ASSIGNMENT
A faithful copy is required of the lines from the top of the entries through the line that contains "Generic - صندوق", both included, with no pictures.

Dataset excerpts
# # #
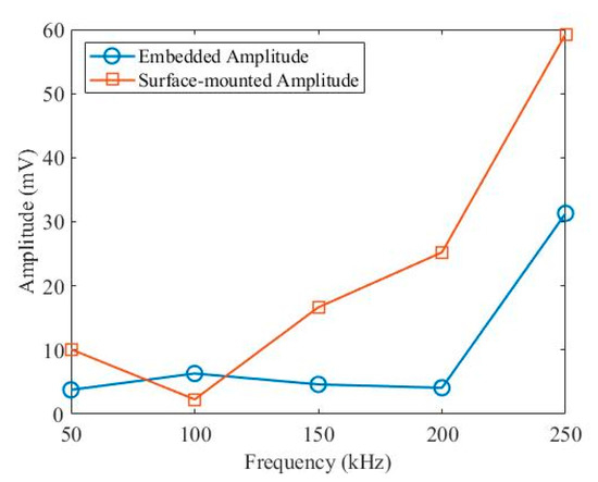 A National Instruments (NI) PXIe-1073 was used for signal measurements, where a NI PXI-5412 arbitrary signal generator was used for signal generation, and a NI PXI-5105 digitiser was used to record Lamb wave signals. The specimen was measured at excitation central frequencies of 50 kHz, 100 kHz, 150 kHz, 200 kHz and 250 kHz under room temperature. A five-cycle Hanning-windowed toneburst signal was used, and the amplitude and sampling frequency were 6 V and 100 MHz, respectively. The reversibility and repeatability of two paths for both embedded and surface-mounted signals were found to be good. To summarise the relationship between the peak amplitude of the first wave packet at five excitation frequencies, Hilbert transform was used to obtain envelope signals, then the amplitude was selected from the first peak value of each envelope signals. As is shown in Figure 7, the amplitude of the surface-mounted signal is larger than that of the embedded signal, except for at 100 kHz. This is due to tuning properties, where S0/A0 mode exhibits various amplitudes under different frequencies [50,51].
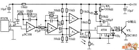 The circuit is composed of amplifier, comparator and an output control part. According to Faraday's law, person's body temperature is about 37 ℃, radiation infrared wavelength is about 10μm, the pyroelectric sensor selects P7178 with 7 ~ 20μm sensitive wavelength range. A1 and A2 are selected low noise, low loss CMOS op amp μPC358, and it is connected to band-pass filter composed of RC to prevent the entry of the noise and error signal, extracting only a signal when the human body moves. A3 and A4 constitute a comparator.
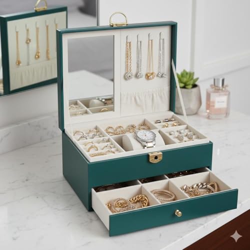 Generic - صندوق مجوهرات جلدي - تصميم حامل ساعة ذكي ودرج مخصص اخر للخواتم والسلاسل والحلقان وكل شيء في مكان واحد
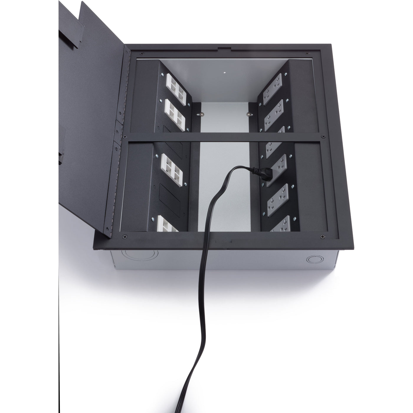 Inside the floor box, you will find 12 decora openings to add in your power or data connections. (Outlet and data plates in pictures not included)
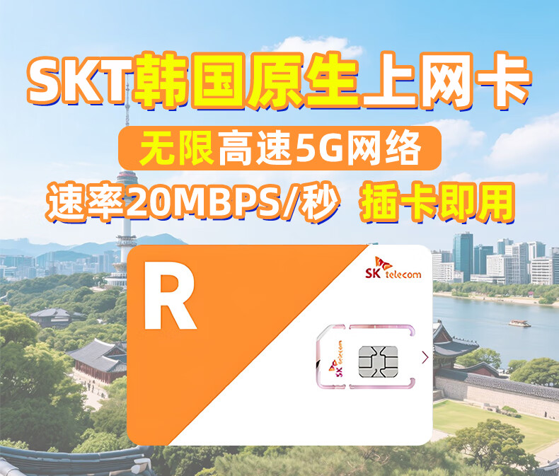 South Korea SKT native phone card 5G network unlimited traffic Internet card 5 days unlimited traffic
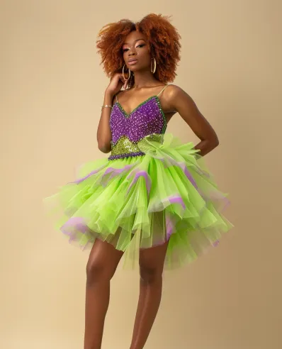 This playful mini dress is all about celebrating the festive spirit of Mardi Gras! The top is encrusted with shimmering purple crystals, while the skirt bursts with layers of neon green and lavender tulle. A wide, glittery waistband cinches the waist, creating an hourglass silhouette. Paired with gold hoop earrings and metallic strappy heels, this outfit radiates party energy from head to toe.
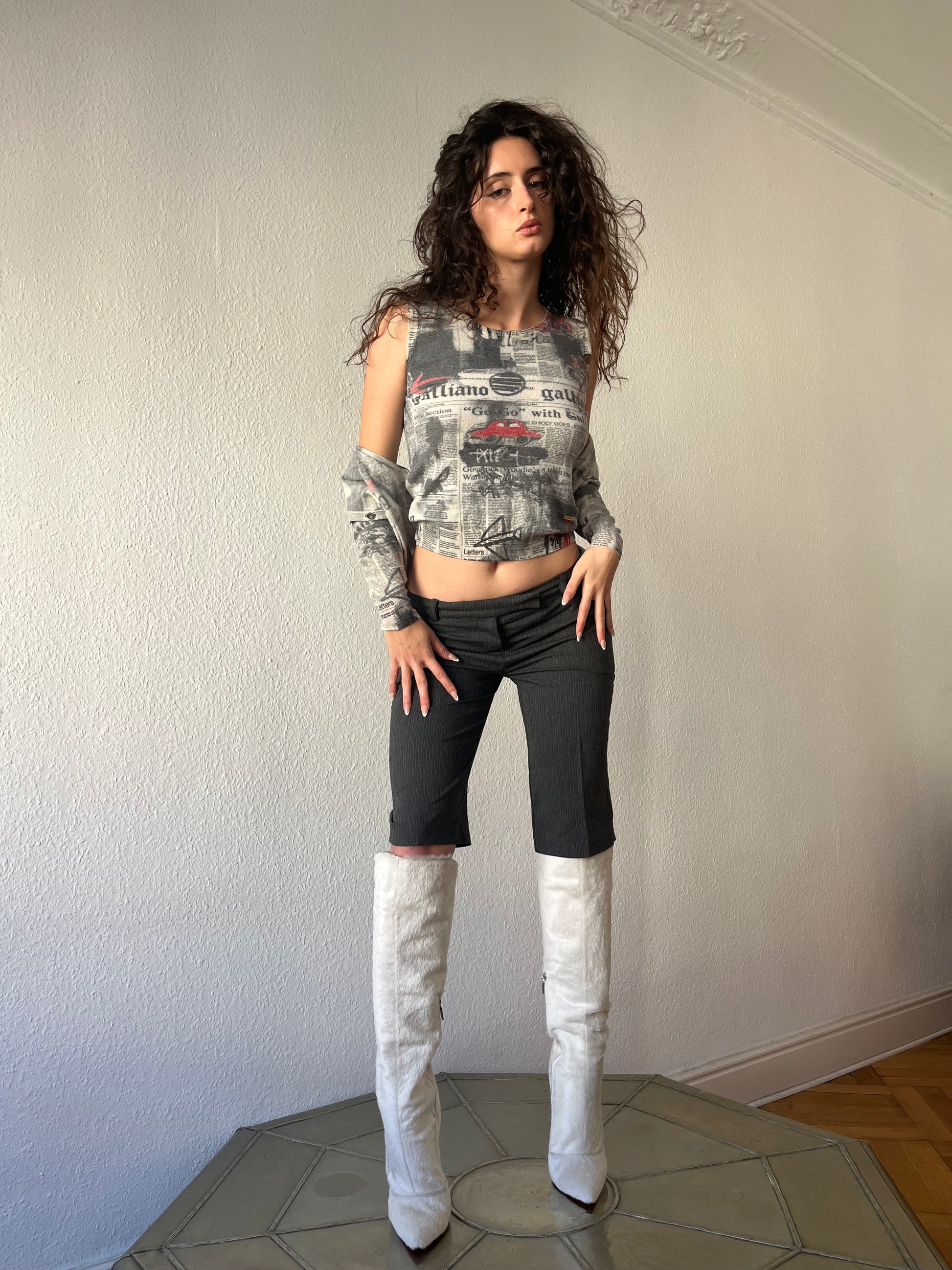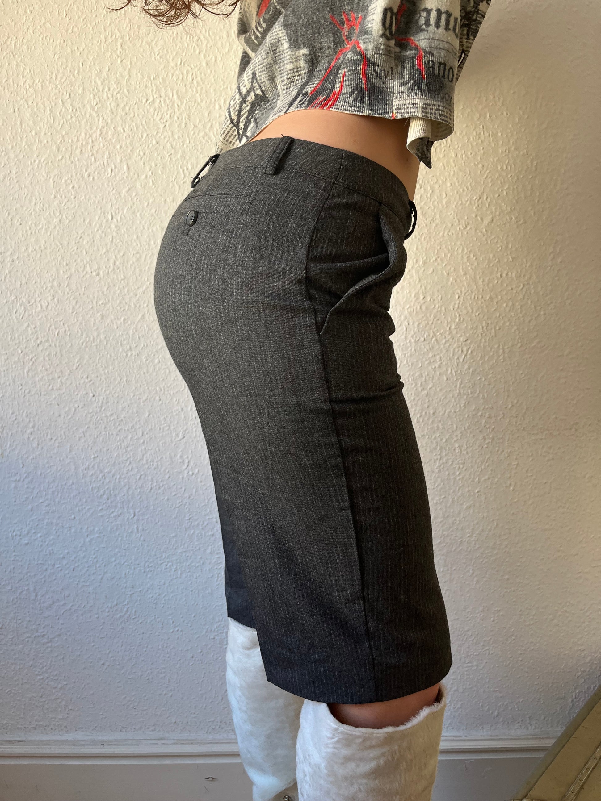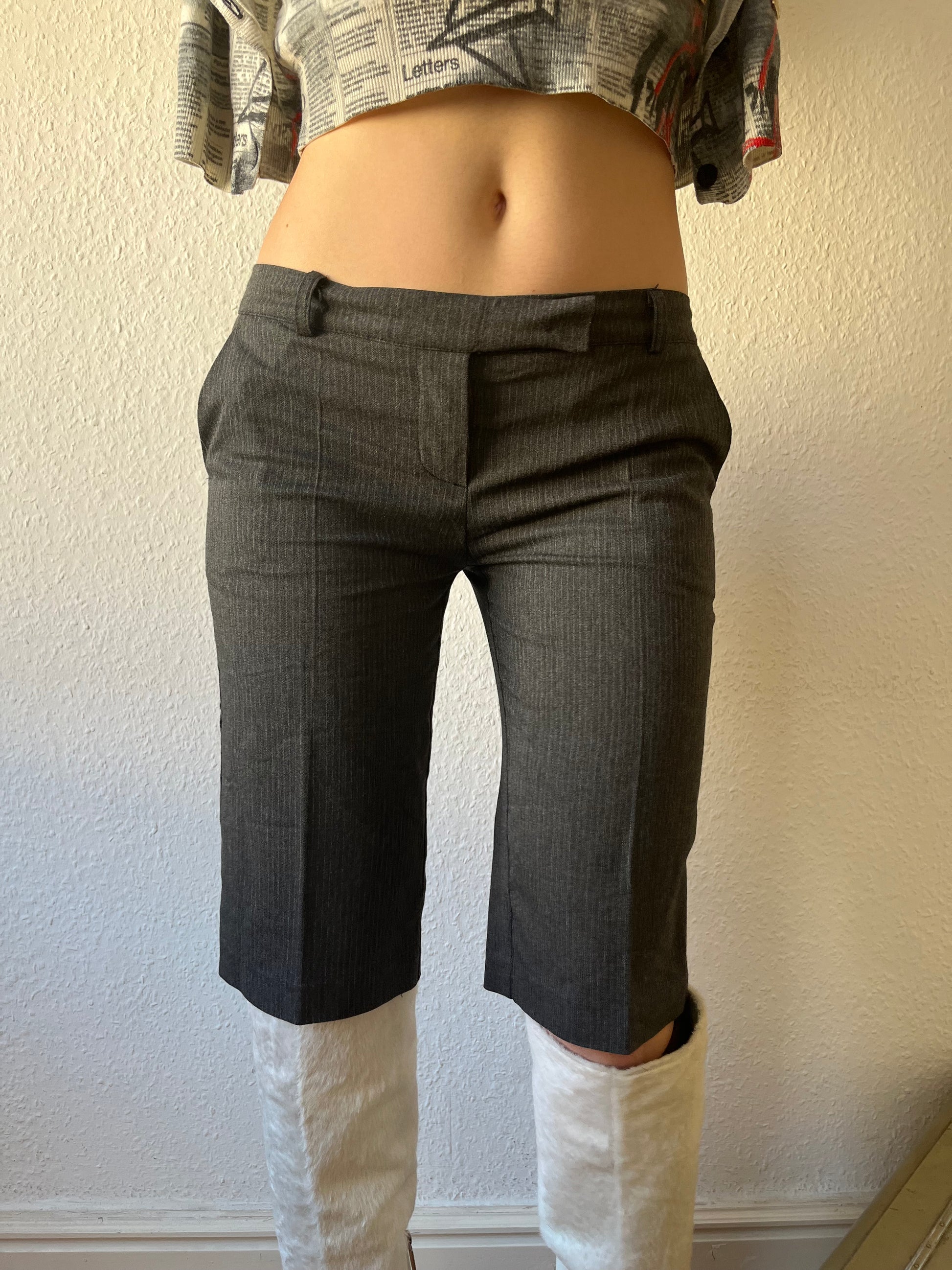 Knee length pinstripe pants
# # #
EXPECTED ANSWER
 A National Instruments (NI) PXIe-1073 was used for signal measurements, where a NI PXI-5412 arbitrary signal generator was used for signal generation, and a NI PXI-5105 digitiser was used to record Lamb wave signals. The specimen was measured at excitation central frequencies of 50 kHz, 100 kHz, 150 kHz, 200 kHz and 250 kHz under room temperature. A five-cycle Hanning-windowed toneburst signal was used, and the amplitude and sampling frequency were 6 V and 100 MHz, respectively. The reversibility and repeatability of two paths for both embedded and surface-mounted signals were found to be good. To summarise the relationship between the peak amplitude of the first wave packet at five excitation frequencies, Hilbert transform was used to obtain envelope signals, then the amplitude was selected from the first peak value of each envelope signals. As is shown in Figure 7, the amplitude of the surface-mounted signal is larger than that of the embedded signal, except for at 100 kHz. This is due to tuning properties, where S0/A0 mode exhibits various amplitudes under different frequencies [50,51].
 The circuit is composed of amplifier, comparator and an output control part. According to Faraday's law, person's body temperature is about 37 ℃, radiation infrared wavelength is about 10μm, the pyroelectric sensor selects P7178 with 7 ~ 20μm sensitive wavelength range. A1 and A2 are selected low noise, low loss CMOS op amp μPC358, and it is connected to band-pass filter composed of RC to prevent the entry of the noise and error signal, extracting only a signal when the human body moves. A3 and A4 constitute a comparator.
 Generic - صندوق مجوهرات جلدي - تصميم حامل ساعة ذكي ودرج مخصص اخر للخواتم والسلاسل والحلقان وكل شيء في مكان واحد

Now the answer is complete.